AWS Lambda Durable Functions are a programming model and SDK that allow you to create stateful, multi-step workflows directly inside a Lambda function using a checkpoint-and-replay mechanism. By persisting execution progress, these functions can suspend execution for up to one year without incurring compute charges, making them ideal for long-running processes like human approvals or order fulfillment.
Key Takeaways
Here are the essential facts you need to know about Lambda Durable Functions:
- Checkpoint-and-Replay Model: The runtime saves the result of every “step.” If the function pauses and resumes, it replays the code from the start but skips completed steps using the saved data.
- Cost Efficiency: You do not pay for compute time while the function is waiting. Executions can suspend for up to one year.
- Deterministic Code Required: Because the code replays from line one, logic outside of checkpointed steps must be deterministic (e.g., avoid
Math.random()or timestamps outside a step). - New Primitives: You orchestrate logic using SDK primitives like
context.step(),context.wait(), andcontext.invoke(). - Operational Constraints: You must publish a function version to trigger a durable execution (unqualified ARNs do not work) and specific IAM permissions are required.
Understanding Durable Execution
Traditionally, Lambda functions are stateless. If you needed to coordinate a workflow involving payment processing, inventory checks, and shipping, you usually had to wire together multiple Lambdas using AWS Step Functions or manage state manually in a database. AWS Lambda Durable Functions changes this by bringing the orchestration logic directly into your code.
The Checkpoint-and-Replay Mechanism
The core concept here is “checkpoint-and-replay.” When your code runs, you wrap distinct operations in a step. When a step completes, Lambda saves (checkpoints) the result. If your function needs to wait—perhaps for a webhook callback or a simple timer—it suspends execution.
When the wait is over, Lambda spins up the function environment again. Crucially, it runs your handler code from the very beginning. However, when it encounters a step that has already finished, it does not execute the logic again. Instead, it injects the stored result from the checkpoint and moves to the next line. This allows you to write code that looks sequential but creates a resilient, stateful workflow.
The “Wait” Primitive and Billing
One of the most significant advantages for engineers is the billing model during waits. In standard Lambda, if you use sleep(), you pay for that duration. With Durable Functions, you use context.wait().

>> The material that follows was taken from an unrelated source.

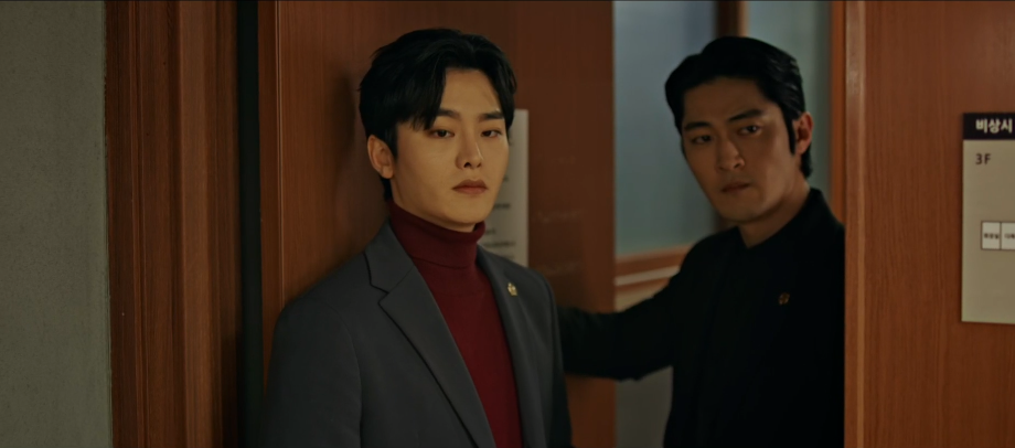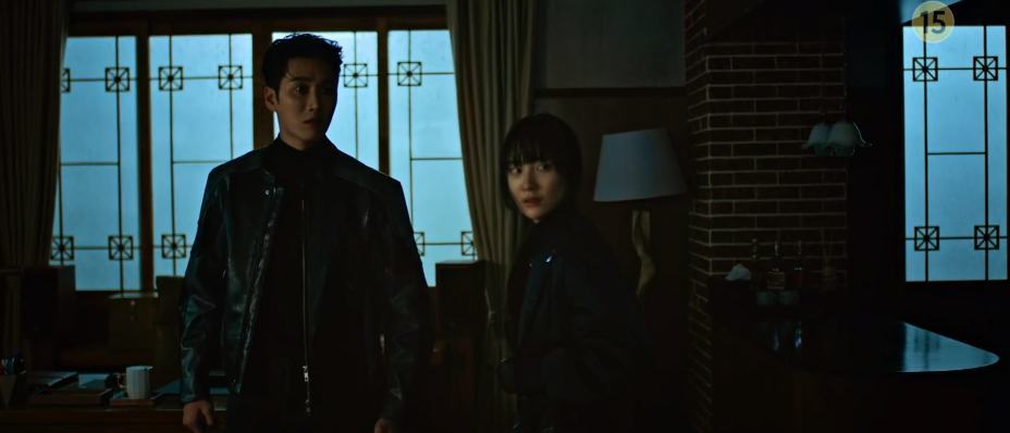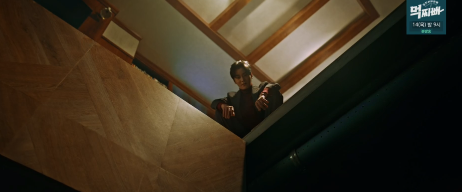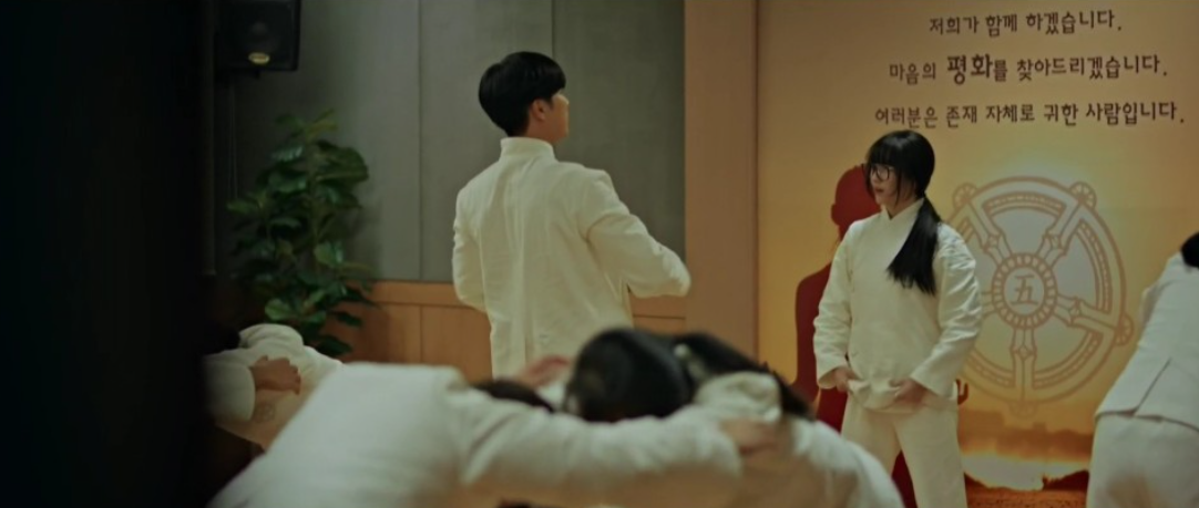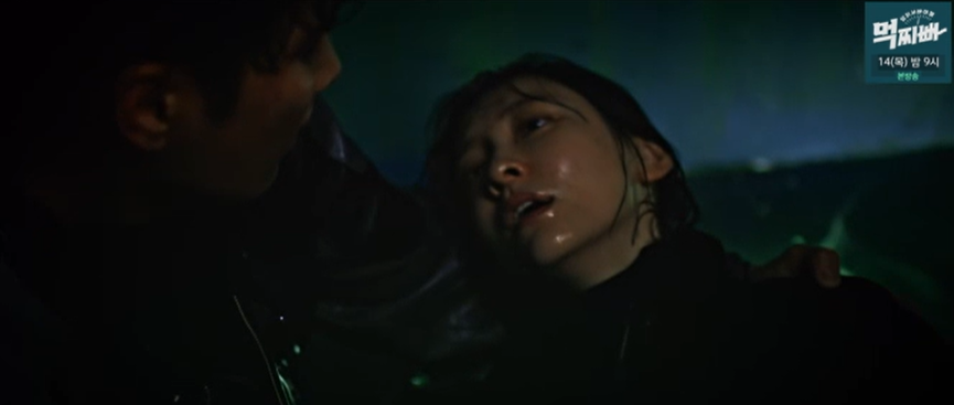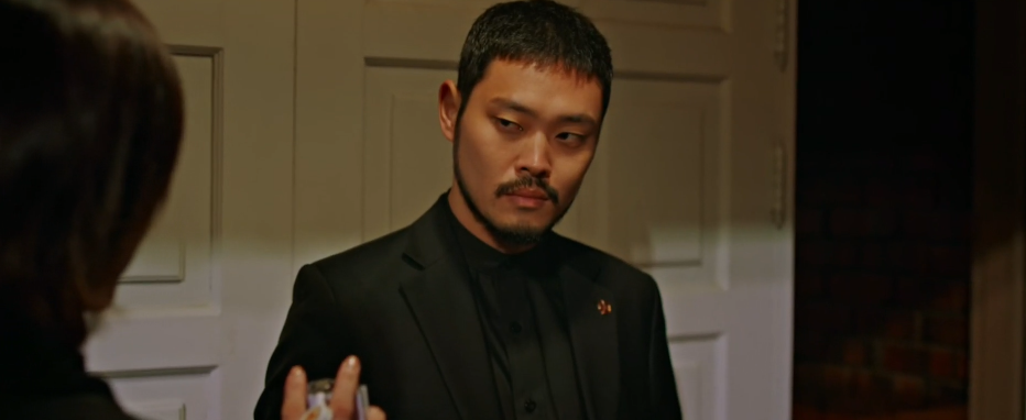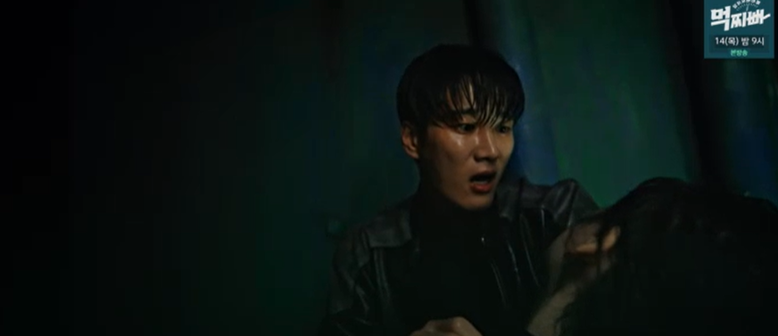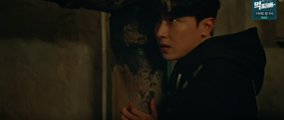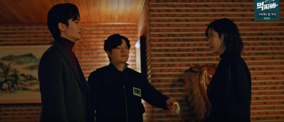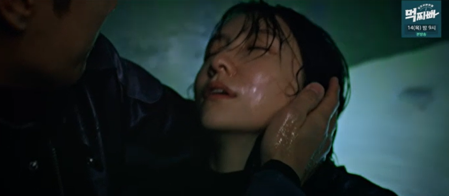 사이비 교주 보리의 사택에 잠입했다가 마주친 강현과 이수. 인기척이 들려 두사람은 발각되기 직전 인데 다행히 강현은 숨고 이수가 배가고파 식당을 찾는 중이였다며 능청스럽게 연기를 해 보리 부하를 속여 위기를 넘깁니다.

When a durable function enters a wait state, it completely suspends. You are not billed for compute time during this period. The execution can remain suspended for extended periods—up to one year—making this perfect for “Human-in-the-Loop” scenarios where a script might need to pause for days waiting for a manager’s approval.
Writing Durable Code
To implement this, you use the Durable Execution SDK (available for Node.js and Python) and wrap your handler. In Node.js/TypeScript, you use withDurableExecution, and in Python, you use the @durable_execution decorator.
Here is a conceptual look at how a payment workflow might look in Node.js:
import { withDurableExecution } from "@aws/durable-execution-sdk-js"; export const handler = withDurableExecution(async (event, context) => { // Step 1: Checkpoint the external API call const payment = await context.step("process-payment", async () => { return await paymentService.charge(event.amount); }); // Step 2: Sleep without billing await context.wait({ seconds: 60 }); // Step 3: Use the result from step 1 await context.step("send-receipt", async () => { return await emailService.send(payment.confirmationId); }); }); Critical Gotchas and Constraints
While researching this feature, I found several operational details that can trip you up if you aren’t careful.
The Determinism Trap: Because your code replays from line one, it must be deterministic. If you generate a random number or a timestamp (like new Date()) outside of a context.step, that value will change every time the function wakes up for a replay. This breaks the logic. Always put non-deterministic code inside a step so the result is frozen in a checkpoint.
IAM Permissions: Your execution role needs specific permissions to manage the state. If your function fails to start, verify you have attached lambda:CheckpointDurableExecutions and lambda:GetDurableExecutionState to the role.
Versioning is Mandatory: You cannot trigger a durable execution using the $LATEST alias or an unqualified ARN. You must publish a version of your function (e.g., my-function:1) and invoke that specific version.
Cross-Account Limitations: While you can invoke other Lambdas using context.invoke(), the research indicates that invoked functions generally must be in the same AWS account. Cross-account orchestration via this specific mechanism is not currently supported.
Conclusion
AWS Lambda Durable Functions drastically simplify building complex workflows by removing the need for external state machines for many use cases. We learned that by using the checkpoint-and-replay model, we can build efficient, readable code that handles long waits without incurring idle compute costs. However, we must be vigilant about writing deterministic code and ensuring our operational setup—specifically IAM roles and function versioning—is correct before deploying.